2004 Fiscal Year Annual Research Report
高齢社会の遺産承継、特に比較法から見た遺産承継のための法技術
Project/Area Number |
15530056
|
Research Institution | Hokkaido University |
Principal Investigator |
大塚 龍児 北海道大学, 大学院・法学研究科, 教授 (30009815)
|
Co-Investigator(Kenkyū-buntansha) |
藤原 正則 北海道大学, 大学院・法学研究科, 教授 (70190105)
山本 哲生 北海道大学, 大学院・法学研究科, 助教授 (80230572)
|
Keywords | 社会法 / 保険契約法 / 遺留分 / 高齢社会 / 遺産承継 / 予防法学 / 生前処分 / 死因処分 |
Research Abstract |
1.本年は、ドイツの遺留分に関する研究と、相続を取り巻く社会法の役割を中心として検討した。 2.遺留分に関しては、予防法学も含めたドイツでの生前処分・死因処分も併せて研究した。
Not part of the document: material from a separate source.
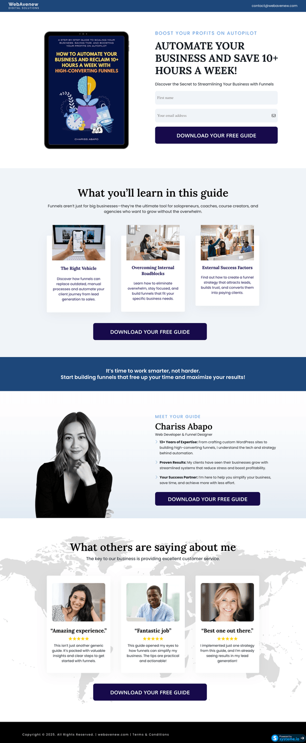 What if you had a system that brings in leads & sales 24/7? Imagine a funnel that runs on autopilot, generating leads and sales while you sleep. No more tech headaches, wasted ad spend, or inconsistent revenue.

具体的には、1970年代始めから、非嫡出子の相続権の承認とともに、配偶者相続権の強化が説かれ、法定相続のあり方が議論された。ところが、その後に、高齢社会の進展と、生前処分・死因処分の増加によって、議論の中心は遺留分に移ってきた。まず、1990年の東ドイツの統合を契機とした、配偶者相続が手厚く、子の遺留分を要扶養性に依存させる東ドイツ法を参照しての議論である。さらに、最近では、遺留分の基本法適合性をめぐって論議されており、その圧巻が2002年のドイツ法曹大会での議論である。以上に関しては、後掲の論文(最近三〇年間の遺留分をめぐるドイツの法改正論議(1)(2)(3))を公刊した((4)(5完結)も脱稿済み)。 3.社会法に関しては、ハンス・F・ツァヒャー・新井誠編「ドイツ社会法の諸問題」(日本評論社・2005年出版予定)に収録の2つの論文を藤原が翻訳した(初稿終了)。 4.その他では、ドイツの相続法の代表的な教科書(ライナー・フランク「相続法」(第2版)2003年・ベック社)、および、ハンス-レオ・バイヤース、マンフレット・ヴァント「保険契約法」(第3版)2003年・ベック社)の翻訳を進めている。